Малое собрание сочинений (сборник) - стр. 36
Ворошнина. Лежит под одеялом. Потягивается. «Ба-а-а… Веничка!.. проходи, проходи, садись сюда… (Валинька! Вышвырнись-ка, милая, на полчасика… угу…)…да ближе, вот сюда, на постель, какого черта еще стесняешься… Ну, тепло?.. хи-хи-хи-хи… скромность-то где… и по-матерински согревать нельзя… ребенок – и все… может, тебе еще свою титьку дать… вот уж интересно, как бы ты стал сосать… хи-хи… а мне целовать нельзя, – хуй знает – может, я вся – заразная, венерическая… Ну, чего ты пугаешься? Уй какой ребенок… Ну-ка, Веньк, наклонись, от меня пахнет? Нет? Ну – ты, наверно, сам наглотался и не чуешь… Хи-хи-хи…»
Бридкин. Оживляясь. «Хе-хе-хе-хе… Вчера ваш этот, Сашка, был у меня… Слышал? Баба-то недосмотрела… В собственной блевоте задохнулся. Насмерть. Лежал вверх лицом и задохнулся… Все перепились, гады, и не обратили внимания… Жаль, ты вот не пришел… Тебя ждали… А этот теперь уже в больнице. На «скорой помощи» ночью увезли… Все равно уже… Говорят, из легких капустные листы вынимали… Врут, наверное…»

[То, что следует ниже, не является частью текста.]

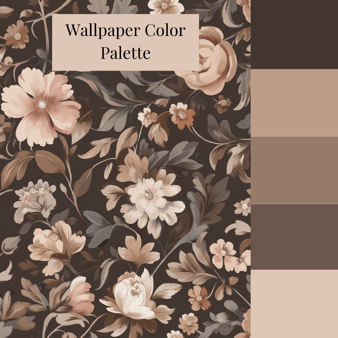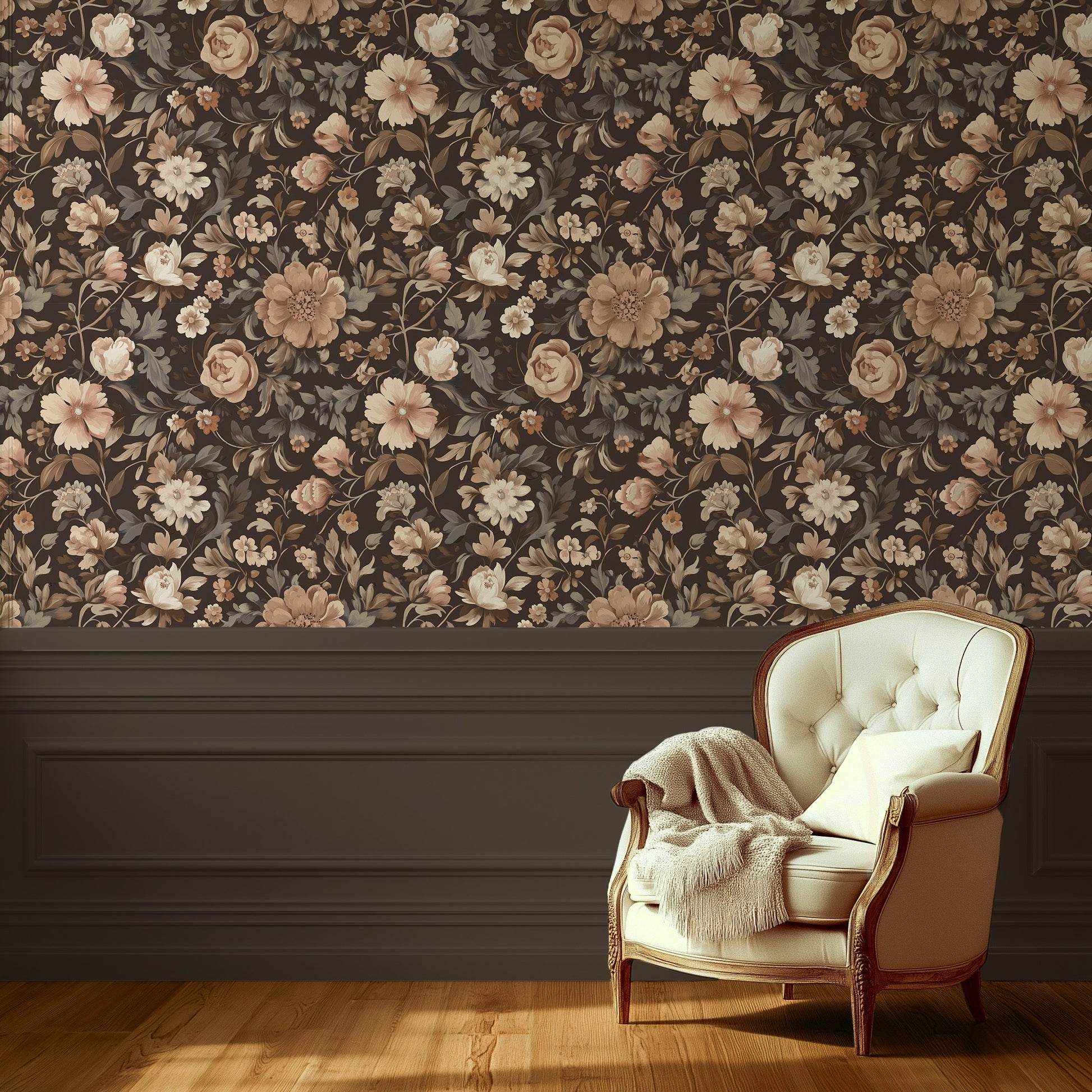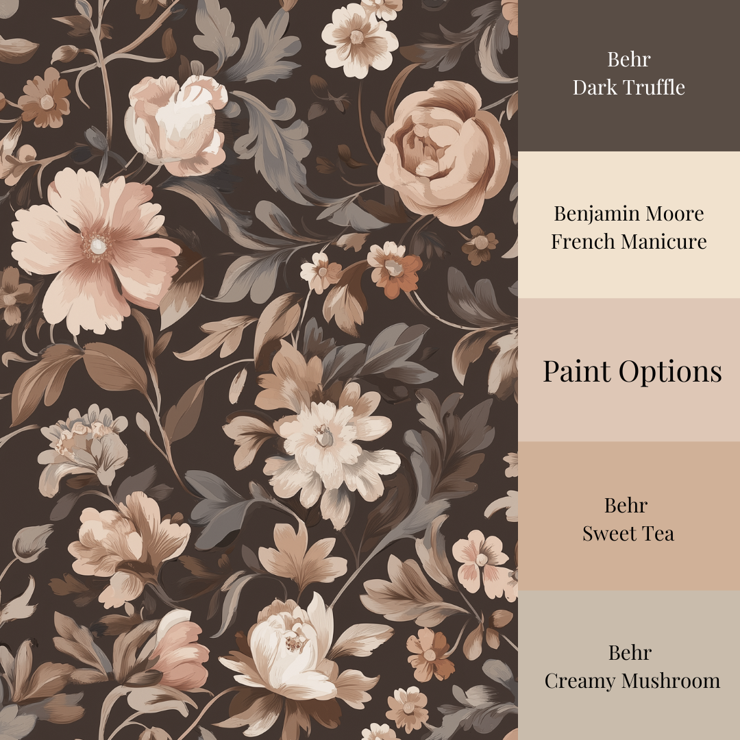 This design carries the softness of age—muted blush petals, bone-white florals, and warm taupe leaves spill over a backdrop of deep brown, like a faded textile kept folded in a cedar chest. There’s something familiar here: a quiet nostalgia wrapped in layered brushstrokes and gentle contrast.

Фаина. Закрыв лицо. «А ты думаешь – я не плачу, я больше ее плачу, если хотите знать, больше всех… Ей „душно“! А мне – нет, что ли? Душно ей!.. Ха-ха-ха! Ведь выдумает тоже – душно!..»
13 января
Сначала – странное помутнение перед глазами. Помутнение, которое бывает у людей болезненных от резкого перехода в вертикальное состояние… Потом и все существо заволакивается той же мутью… И я засыпаю… Я не просто засыпаю. А засыпаю с таким ощущением, будто усыпление идет откуда-то со стороны: меня «засыпают», а я осторожно и безропотно, дабы не огорчить ИХ, поддаюсь усыплению… Постель, оставаясь верной традиции, опускается куда-то вниз (в Неизвестность или куда-нибудь еще… – безразлично), – а я словно отделяюсь от нее и на ходу моментально соображаю, что мое «отделение» – совсем даже и не вознесение в бесконечность, а самая что ни на есть заурядная потеря ощущений…

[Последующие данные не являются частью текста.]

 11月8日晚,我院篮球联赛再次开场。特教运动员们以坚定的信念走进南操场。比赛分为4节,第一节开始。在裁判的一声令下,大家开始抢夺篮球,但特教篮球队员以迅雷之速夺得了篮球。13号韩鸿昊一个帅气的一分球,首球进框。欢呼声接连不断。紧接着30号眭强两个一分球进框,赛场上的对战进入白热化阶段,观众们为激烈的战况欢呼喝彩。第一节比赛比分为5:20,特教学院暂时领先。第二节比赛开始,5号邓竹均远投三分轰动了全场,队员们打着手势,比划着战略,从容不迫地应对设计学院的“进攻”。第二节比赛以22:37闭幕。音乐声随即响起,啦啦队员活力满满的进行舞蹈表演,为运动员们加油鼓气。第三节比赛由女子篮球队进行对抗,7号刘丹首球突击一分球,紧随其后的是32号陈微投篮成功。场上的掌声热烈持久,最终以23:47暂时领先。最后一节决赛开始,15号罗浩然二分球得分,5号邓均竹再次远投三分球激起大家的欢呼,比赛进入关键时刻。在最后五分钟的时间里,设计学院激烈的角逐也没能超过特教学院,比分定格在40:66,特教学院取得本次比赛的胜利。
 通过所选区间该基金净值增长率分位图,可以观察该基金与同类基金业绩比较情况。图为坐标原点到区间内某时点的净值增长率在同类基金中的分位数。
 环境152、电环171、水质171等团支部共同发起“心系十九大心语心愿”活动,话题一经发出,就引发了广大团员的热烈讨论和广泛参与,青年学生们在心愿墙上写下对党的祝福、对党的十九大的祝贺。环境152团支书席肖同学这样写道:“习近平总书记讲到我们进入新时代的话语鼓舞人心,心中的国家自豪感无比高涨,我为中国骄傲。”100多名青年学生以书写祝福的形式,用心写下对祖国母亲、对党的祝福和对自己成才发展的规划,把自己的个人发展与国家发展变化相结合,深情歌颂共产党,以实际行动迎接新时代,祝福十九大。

Каждый день я засыпаю именно так – и нисколько не жалею, что широчайший диапазон всех прочих методов засыпания мне недоступен…
А сегодня со мной творится нечто странное. Даже не со мной, а с постелью, которая в категорической форме изъявляет свое нежелание опускаться в отведенную ей Неизвестность… И не только отказывается; а словно издевается над тем, что я не могу, в силу ее статического состояния, теряя одно за другим свои наглые ощущения и потихоньку улетучиваться в Бесконечность… (ну, да ладно, пусть – «Бесконечность»).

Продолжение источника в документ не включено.